Una tarde cuando llegamos al caserío y nos pusimos  a hacer las burradas de siempre, Ángel Luis empezó a cagarse en todo al descubrir que su escopeta no estaba en el escondite. Se encaró con todos nosotros mientras nos gritaba enfurecido que se la habíamos robado. De pronto, en pleno griterío, el sonido de un disparo sonó en todo el campo y una bandada de pájaros cruzó el cielo. El sonido venía de la cueva del Tuerto. Sin dudarlo, pero con mucho miedo, fuimos corriendo hacia allí, con mucha cautela, mirando siempre hacia atrás, por si alguien nos sorprendía, veíamos asustados como nos alejábamos de la vieja casa, nuestra imaginaria frontera de seguridad que nos separaba del temido Tuerto.

La cueva estaba en un terreno muy irregular y nos escondimos detrás de otro montículo desde donde veíamos la entrada. No había movimiento alguno, así que después de discutirlo durante diez minutos, decidimos adentrarnos. Lo primero que vimos fue el coche del tuerto del que nos habían hablado; un viejo Mercedes que ya estaba destartalado con la pintura totalmente levantada. Entramos en la cueva, estaba adecentada como una pequeña casa. Había tres huecos, uno de ellos lo que podía ser su “habitación”, donde tenía muchas mantas con un colchón repleto de agujeros y muelles. En otro, el “salón”, donde había hecho sillas, una mesa, y varias estanterías con ramas y troncos de árboles, repletas de libros. El último hueco era una improvisada cocina, donde había hecho una pequeña estufa con un tubo que salía a la superficie como si de un moderno extractor de humos se tratara. Allí nos encontramos al Tuerto. Tendido en el suelo, con la escopeta de Ángel Luis en la mano, con un cartucho ya en su cabeza y todo manchado de sangre. Era el primer muerto que mis ojos veían y que mi cabeza aún sigue recordando. Sin decir nada, salimos de allí con una profunda sensación de tristeza, pero antes de salir de la cueva, al pasar por la habitación  de los libros, vi una figura de madera colgada en la pared, parecía un extraño ídolo con ojos y boca misteriosa que supuse que había sido tallado por el propio Tuerto.  Un impulso extraño salió de mí, arranqué la figura de la pared y me lo guardé en el bolsillo del bañador. Nos fuimos corriendo de allí a por las bicicletas, que habíamos dejado tiradas en el caserío, y dando pedales con las piernas temblando, llegamos al pueblo y se lo contamos al policía que vivía al lado de mi casa. 

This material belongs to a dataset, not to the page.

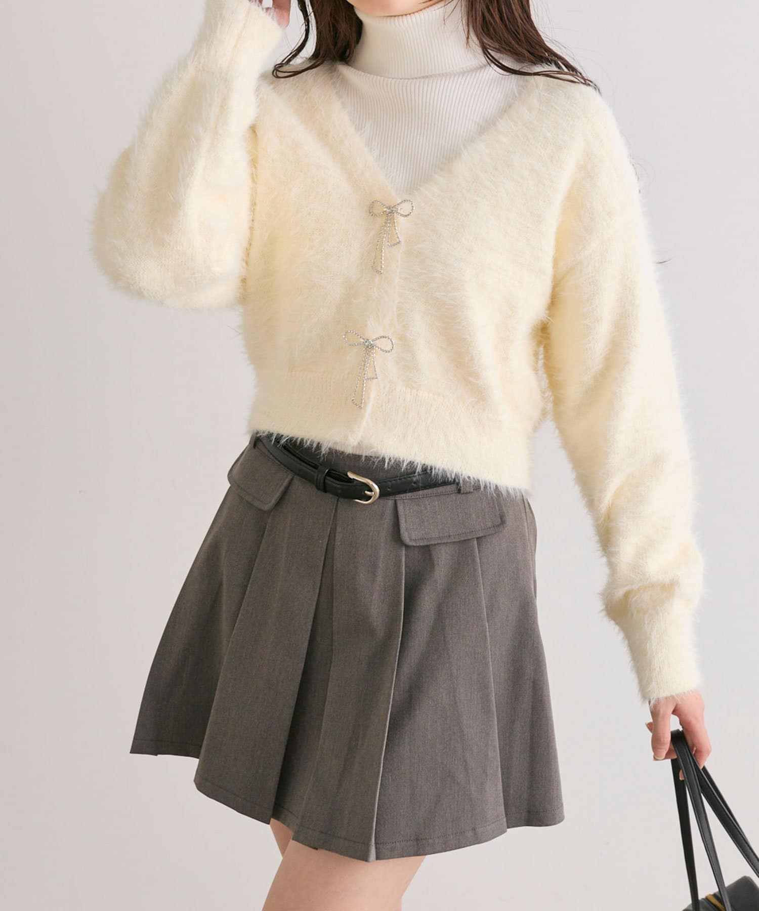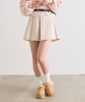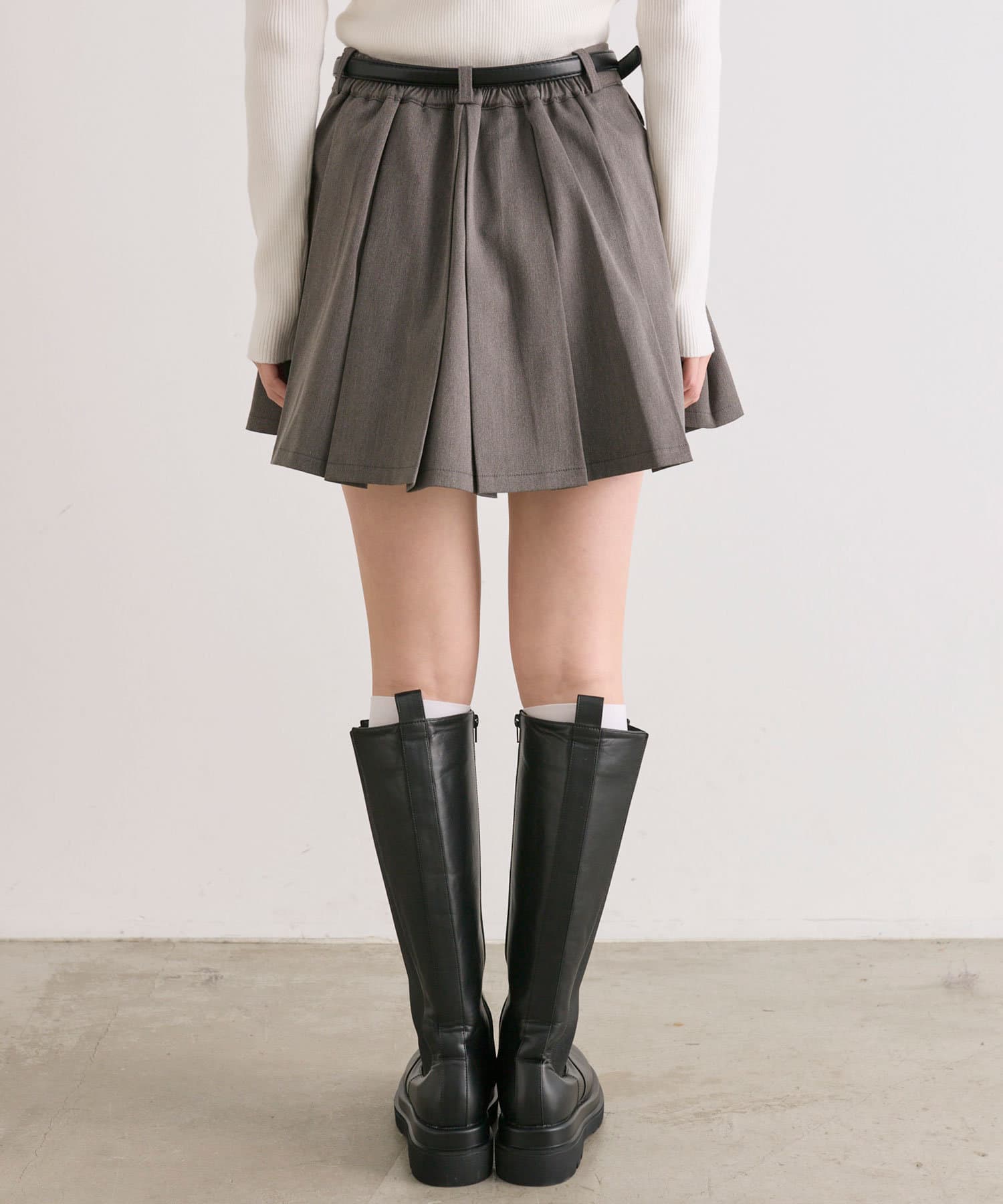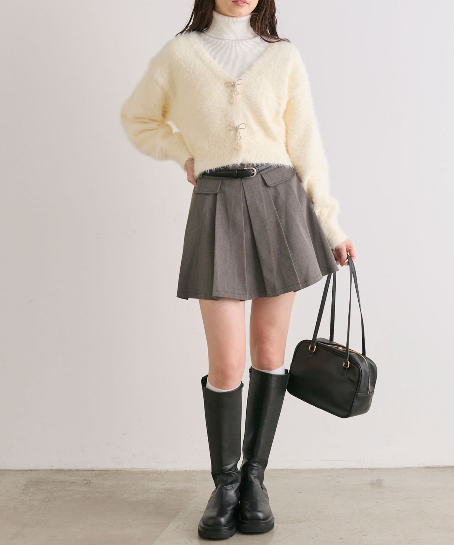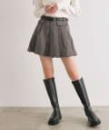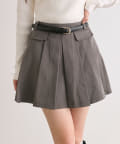 ・合皮ベルト付きでウエストマークできて、色はアイボリー/レッド系はブラウン、グレー系/ブラックはブラックです。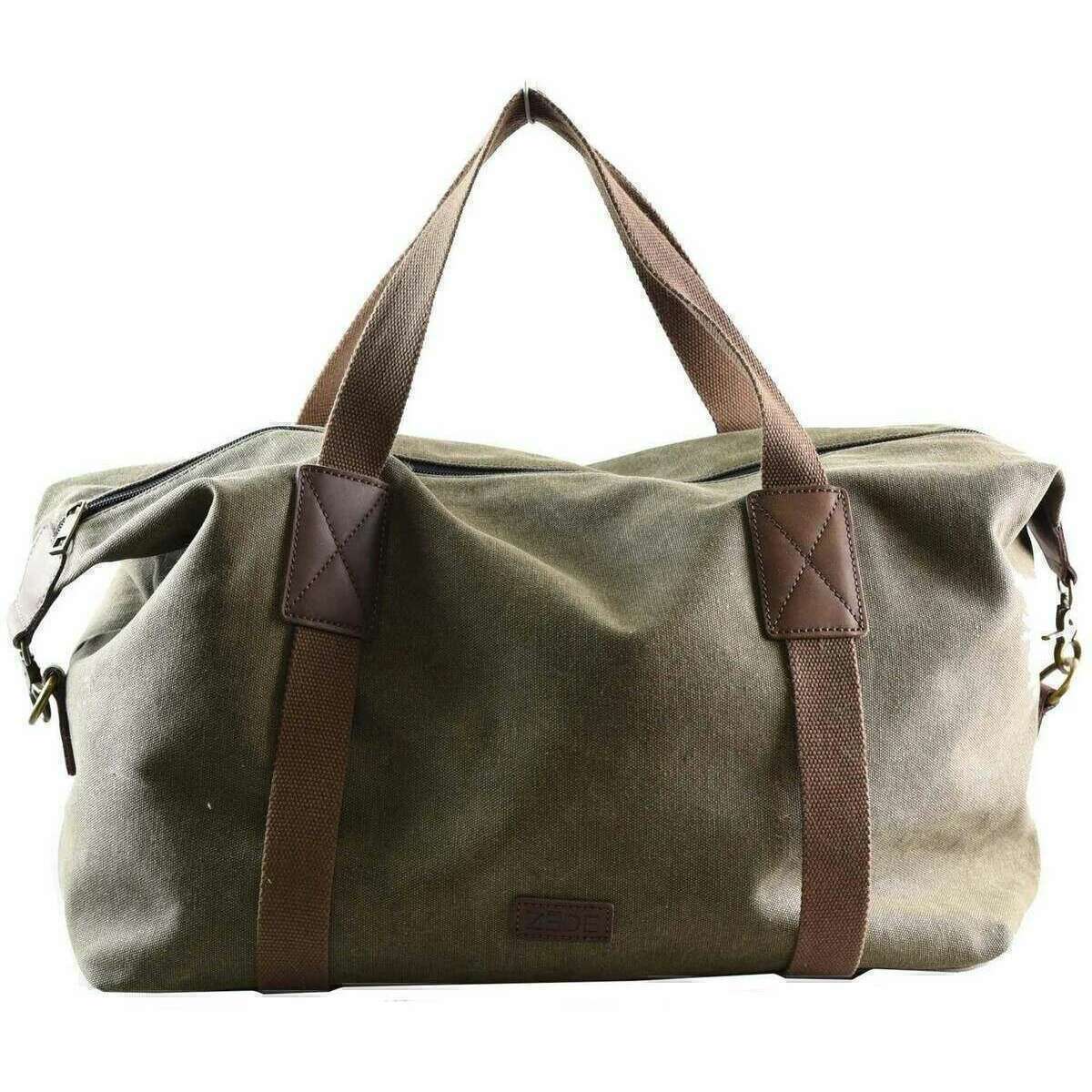 This well made unisex east station travel bag from ZEDE comes in a olive green colour and is manufactured from 100% faded cotton canvas and split cowhide leather. It measures 27cm(height) x 43cm(width) x 16cm(depth). It is recommended to wipe clean with damp cloth to keep this bag in good condition. All the bags come complete in zede packaging. The ZEDE East Station Travel Bag - Olive Green is a great choice if you want that extra storage, perfect for gym trips, work, day trips or other events. The main section is roomy, giving you plenty of space for your essentials. It also has 2 open internal pockets and a zipped one for more secure storage. It is easy to carry with sturdy webbed carry handles as well as an adjustable shoulder strap that can be detached when not needed. The design is simplistic but still offers contemporary style making it a must have for your collection.

Aún conservo aquella figura que ahora cubre la pared de mi escritorio y sigo sin saber qué significa, sigo preguntándome si era un ídolo, un dios o un compañero. Cuando miro la figura, recuerdo aquel verano, y a veces me quedo atontando mirando sus penetrantes y profundos ojos, pensando que quizá trató de esculpir la mirada de Isabel en aquel tosco retrato de madera.

De lo que sucedió después de contarle la noticia al policía, nos ocultaron todo, salvo la brutal paliza que se llevó Ángel Luis por parte de su padre cuando se descubrió que la escopeta era suya. Lo otro que supimos fue que el tuerto acabó siendo enterrado en la misma tumba que Isabel y durante varios años, todos los veranos, arrancábamos las flores que encontrábamos en el campo de camino al cementerio, y se las dejábamos junto al epitafio de la tumba que decía: “Mis ojos llevaban tiempo esperando a estar con el tuyo”.